> [What is needed] What lines of the data below hold "small"? Show them.

Data provided: Begin

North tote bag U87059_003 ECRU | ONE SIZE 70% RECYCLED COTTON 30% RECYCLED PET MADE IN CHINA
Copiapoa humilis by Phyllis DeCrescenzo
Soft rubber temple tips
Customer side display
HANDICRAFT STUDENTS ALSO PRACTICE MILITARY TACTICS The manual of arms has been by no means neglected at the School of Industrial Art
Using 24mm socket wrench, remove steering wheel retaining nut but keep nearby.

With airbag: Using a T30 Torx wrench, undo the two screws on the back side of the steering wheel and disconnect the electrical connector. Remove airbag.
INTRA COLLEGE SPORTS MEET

Data provided: End
Data provided: Begin

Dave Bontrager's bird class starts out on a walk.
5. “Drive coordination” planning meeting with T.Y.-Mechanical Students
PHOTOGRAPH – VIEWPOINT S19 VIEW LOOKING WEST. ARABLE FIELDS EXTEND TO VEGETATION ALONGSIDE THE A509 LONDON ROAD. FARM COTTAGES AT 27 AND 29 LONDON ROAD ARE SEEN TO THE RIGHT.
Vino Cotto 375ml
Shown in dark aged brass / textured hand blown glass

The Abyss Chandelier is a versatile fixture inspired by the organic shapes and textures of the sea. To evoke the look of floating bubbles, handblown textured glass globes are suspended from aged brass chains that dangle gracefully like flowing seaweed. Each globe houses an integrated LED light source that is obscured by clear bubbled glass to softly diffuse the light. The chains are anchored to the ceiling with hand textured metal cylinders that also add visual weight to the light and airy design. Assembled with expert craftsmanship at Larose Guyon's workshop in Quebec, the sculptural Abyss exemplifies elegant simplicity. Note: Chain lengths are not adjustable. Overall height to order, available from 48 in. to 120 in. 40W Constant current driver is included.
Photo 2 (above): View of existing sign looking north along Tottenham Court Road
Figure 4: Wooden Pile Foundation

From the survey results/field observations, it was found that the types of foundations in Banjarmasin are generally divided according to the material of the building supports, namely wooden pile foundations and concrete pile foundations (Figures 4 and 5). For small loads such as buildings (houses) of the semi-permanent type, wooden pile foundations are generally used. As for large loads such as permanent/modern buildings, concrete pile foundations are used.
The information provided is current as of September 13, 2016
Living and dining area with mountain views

Data provided: End
Data provided: Begin

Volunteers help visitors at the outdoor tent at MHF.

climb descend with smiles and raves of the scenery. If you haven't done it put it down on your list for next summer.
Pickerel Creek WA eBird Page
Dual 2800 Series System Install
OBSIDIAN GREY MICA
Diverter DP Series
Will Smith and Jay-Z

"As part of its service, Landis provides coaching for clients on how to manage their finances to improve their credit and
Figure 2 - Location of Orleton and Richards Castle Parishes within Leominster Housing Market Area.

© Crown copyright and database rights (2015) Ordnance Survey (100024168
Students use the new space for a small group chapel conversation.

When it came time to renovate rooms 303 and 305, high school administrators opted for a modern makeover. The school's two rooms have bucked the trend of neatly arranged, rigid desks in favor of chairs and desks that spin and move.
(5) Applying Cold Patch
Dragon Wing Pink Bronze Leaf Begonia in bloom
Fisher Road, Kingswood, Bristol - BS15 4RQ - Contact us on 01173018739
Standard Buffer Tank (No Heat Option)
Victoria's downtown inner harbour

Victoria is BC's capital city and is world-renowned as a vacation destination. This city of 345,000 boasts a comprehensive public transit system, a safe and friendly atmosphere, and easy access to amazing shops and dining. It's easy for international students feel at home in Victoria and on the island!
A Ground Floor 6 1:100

Data provided: End

> [Exercise output]
From the survey results/field observations, it was found that the types of foundations in Banjarmasin are generally divided according to the material of the building supports, namely wooden pile foundations and concrete pile foundations (Figures 4 and 5). For small loads such as buildings (houses) of the semi-permanent type, wooden pile foundations are generally used. As for large loads such as permanent/modern buildings, concrete pile foundations are used.
Students use the new space for a small group chapel conversation.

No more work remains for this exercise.